[What to produce]:
This task calls for the lines below starting at the one containing "Stanowisko KOS w" and ending at the one containing "New Sherpa Material", repeated exactly with both ends kept and pictures left out.

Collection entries
--------------------------------------------------
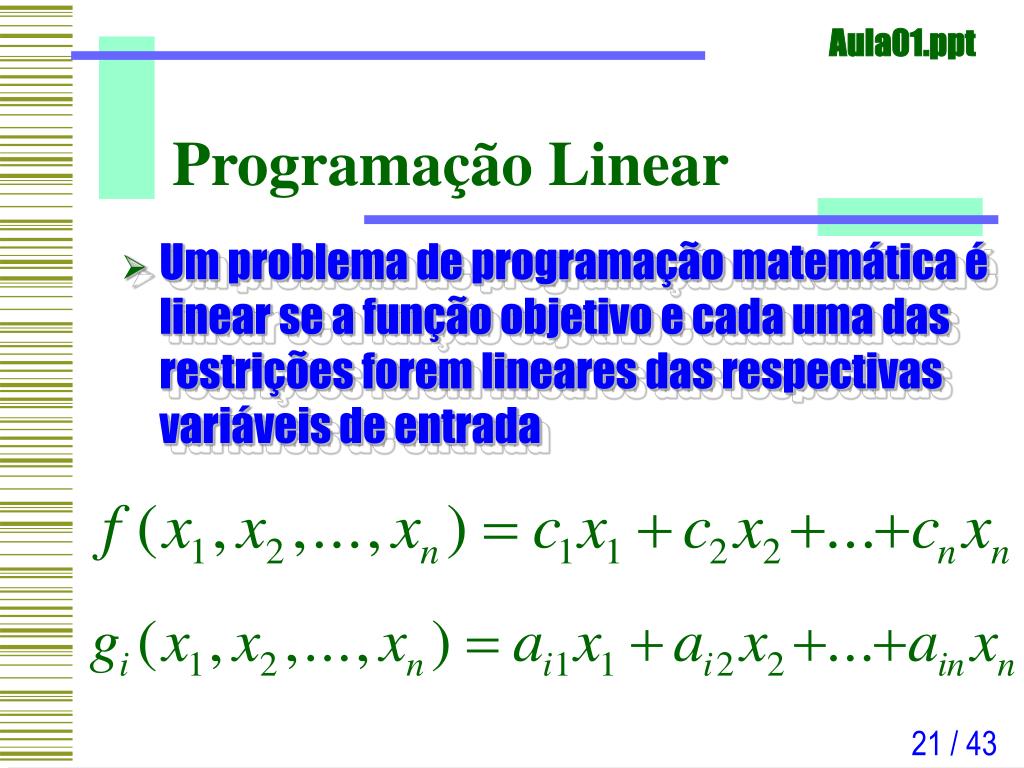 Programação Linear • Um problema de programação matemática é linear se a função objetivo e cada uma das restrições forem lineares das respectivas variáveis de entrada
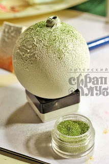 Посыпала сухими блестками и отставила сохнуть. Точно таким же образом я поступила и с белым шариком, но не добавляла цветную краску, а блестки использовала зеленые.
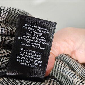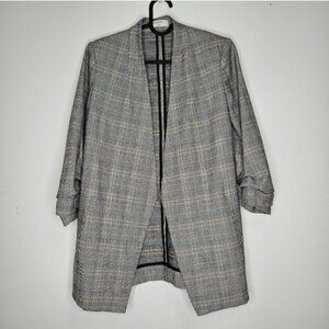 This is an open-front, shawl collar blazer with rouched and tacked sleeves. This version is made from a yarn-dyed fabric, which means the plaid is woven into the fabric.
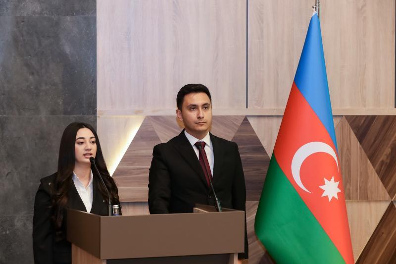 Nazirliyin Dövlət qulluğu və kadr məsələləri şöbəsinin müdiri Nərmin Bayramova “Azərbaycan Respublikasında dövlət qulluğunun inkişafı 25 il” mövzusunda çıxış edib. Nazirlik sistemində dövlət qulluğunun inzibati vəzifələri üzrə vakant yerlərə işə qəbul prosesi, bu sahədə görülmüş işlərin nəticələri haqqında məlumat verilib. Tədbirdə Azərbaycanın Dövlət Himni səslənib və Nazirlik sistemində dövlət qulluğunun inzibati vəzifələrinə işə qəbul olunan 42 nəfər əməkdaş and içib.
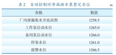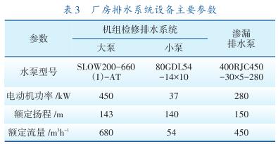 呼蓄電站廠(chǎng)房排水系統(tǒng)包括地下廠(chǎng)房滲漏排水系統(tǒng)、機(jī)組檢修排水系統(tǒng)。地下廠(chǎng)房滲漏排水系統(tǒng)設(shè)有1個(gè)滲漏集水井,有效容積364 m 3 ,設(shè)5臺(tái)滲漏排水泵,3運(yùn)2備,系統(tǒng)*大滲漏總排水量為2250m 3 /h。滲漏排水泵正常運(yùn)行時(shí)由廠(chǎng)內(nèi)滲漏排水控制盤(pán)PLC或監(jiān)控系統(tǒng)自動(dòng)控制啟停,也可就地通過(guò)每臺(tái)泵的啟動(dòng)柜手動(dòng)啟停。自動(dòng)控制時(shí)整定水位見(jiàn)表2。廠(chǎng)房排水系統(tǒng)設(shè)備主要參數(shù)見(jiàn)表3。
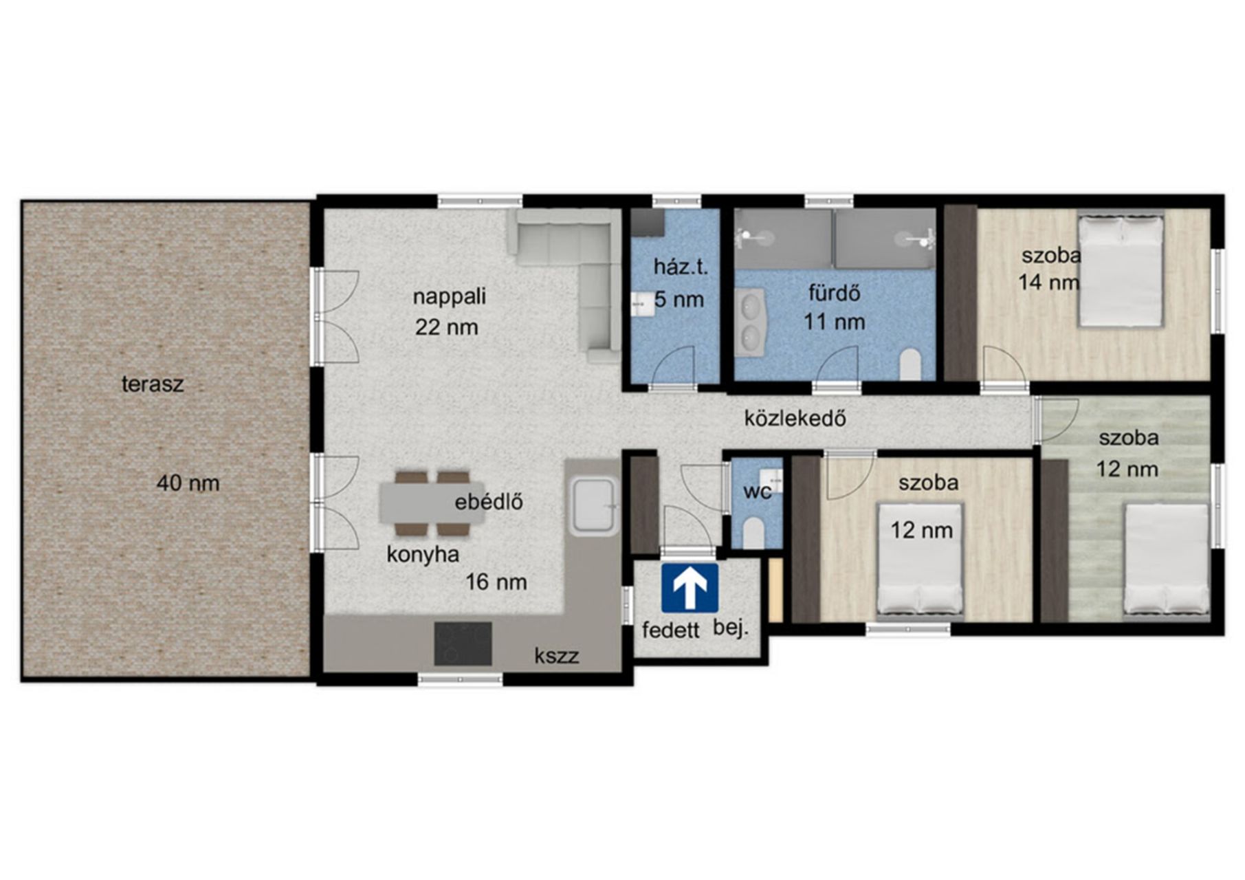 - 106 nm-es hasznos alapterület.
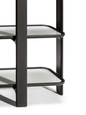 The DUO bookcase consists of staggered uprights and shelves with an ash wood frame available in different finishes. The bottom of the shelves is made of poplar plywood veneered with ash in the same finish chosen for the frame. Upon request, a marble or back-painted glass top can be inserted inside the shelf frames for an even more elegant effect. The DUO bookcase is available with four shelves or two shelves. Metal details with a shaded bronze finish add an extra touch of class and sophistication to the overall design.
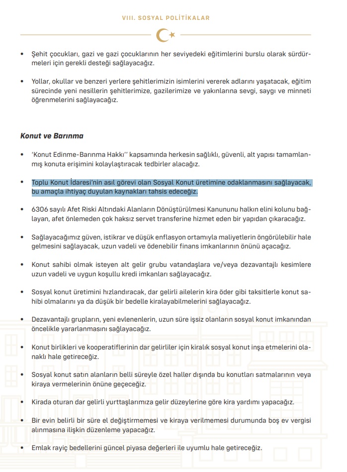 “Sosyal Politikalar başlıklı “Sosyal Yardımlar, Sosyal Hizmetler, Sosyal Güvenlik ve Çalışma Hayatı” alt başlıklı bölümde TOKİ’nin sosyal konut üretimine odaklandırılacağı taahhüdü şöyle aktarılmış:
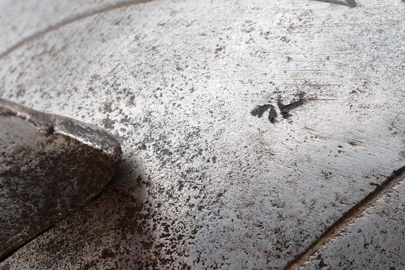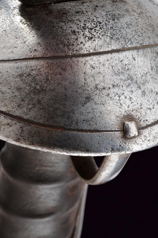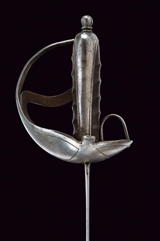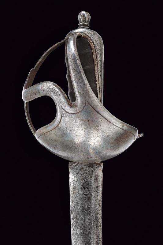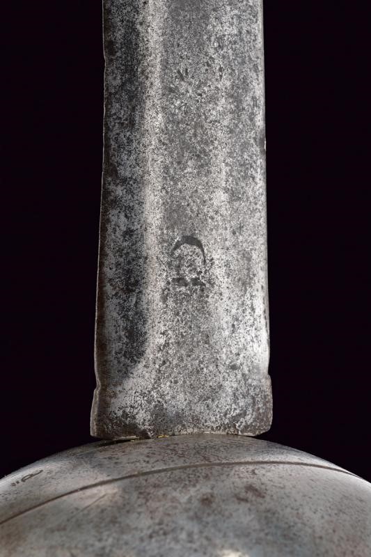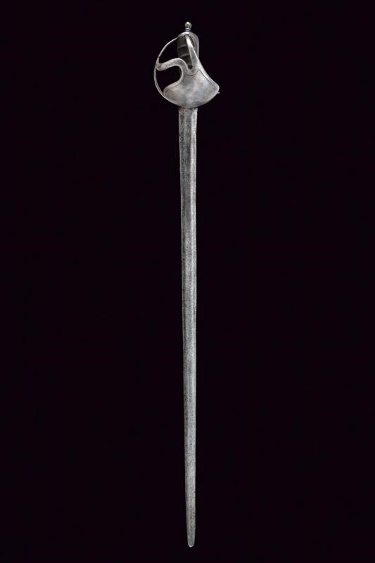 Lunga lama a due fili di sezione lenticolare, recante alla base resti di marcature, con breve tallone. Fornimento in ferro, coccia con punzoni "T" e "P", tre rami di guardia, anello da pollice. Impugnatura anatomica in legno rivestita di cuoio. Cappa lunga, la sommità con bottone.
--------------------------------------------------
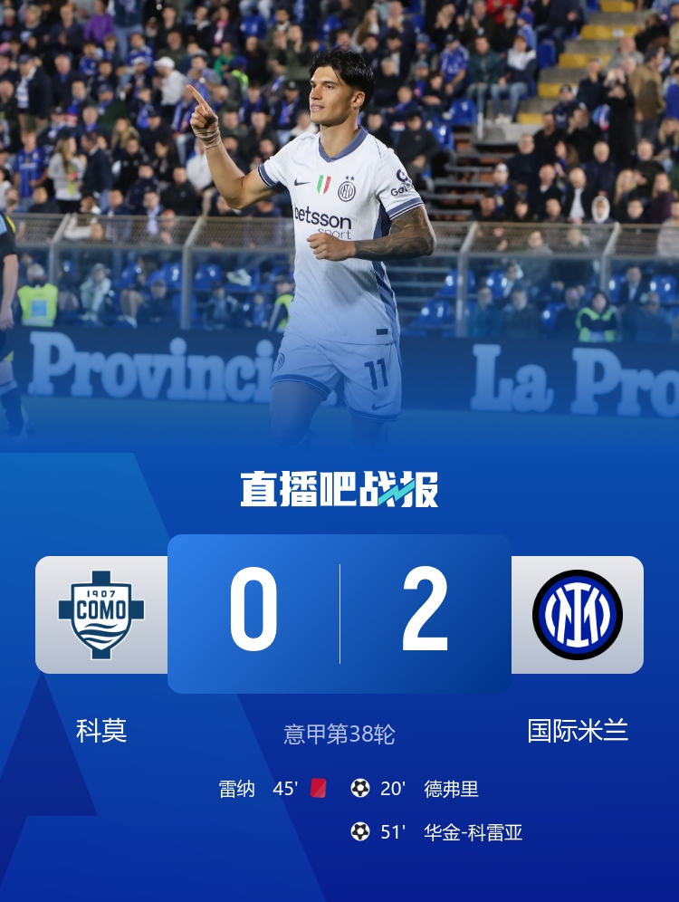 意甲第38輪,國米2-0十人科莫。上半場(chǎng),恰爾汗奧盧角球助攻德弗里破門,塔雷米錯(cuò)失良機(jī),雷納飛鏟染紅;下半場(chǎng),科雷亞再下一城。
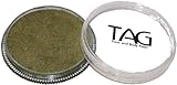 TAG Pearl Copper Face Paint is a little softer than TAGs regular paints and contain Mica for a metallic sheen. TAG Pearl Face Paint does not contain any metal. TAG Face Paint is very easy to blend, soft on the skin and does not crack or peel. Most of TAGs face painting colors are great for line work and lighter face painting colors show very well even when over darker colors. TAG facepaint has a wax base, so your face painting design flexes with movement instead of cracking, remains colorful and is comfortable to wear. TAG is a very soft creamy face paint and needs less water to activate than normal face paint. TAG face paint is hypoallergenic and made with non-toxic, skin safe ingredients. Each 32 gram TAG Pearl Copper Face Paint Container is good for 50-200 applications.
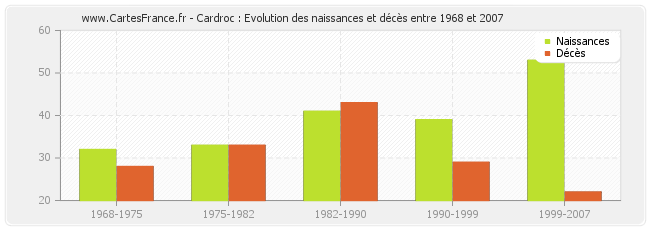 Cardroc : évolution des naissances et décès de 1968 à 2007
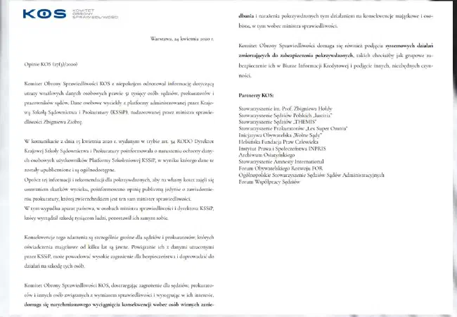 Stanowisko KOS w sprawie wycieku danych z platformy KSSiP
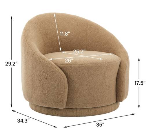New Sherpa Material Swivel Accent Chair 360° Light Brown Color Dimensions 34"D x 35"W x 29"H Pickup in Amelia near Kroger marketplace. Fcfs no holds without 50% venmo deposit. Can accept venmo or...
--------------------------------------------------
[Task answer]:
 Stanowisko KOS w sprawie wycieku danych z platformy KSSiP
New Sherpa Material Swivel Accent Chair 360° Light Brown Color Dimensions 34"D x 35"W x 29"H Pickup in Amelia near Kroger marketplace. Fcfs no holds without 50% venmo deposit. Can accept venmo or...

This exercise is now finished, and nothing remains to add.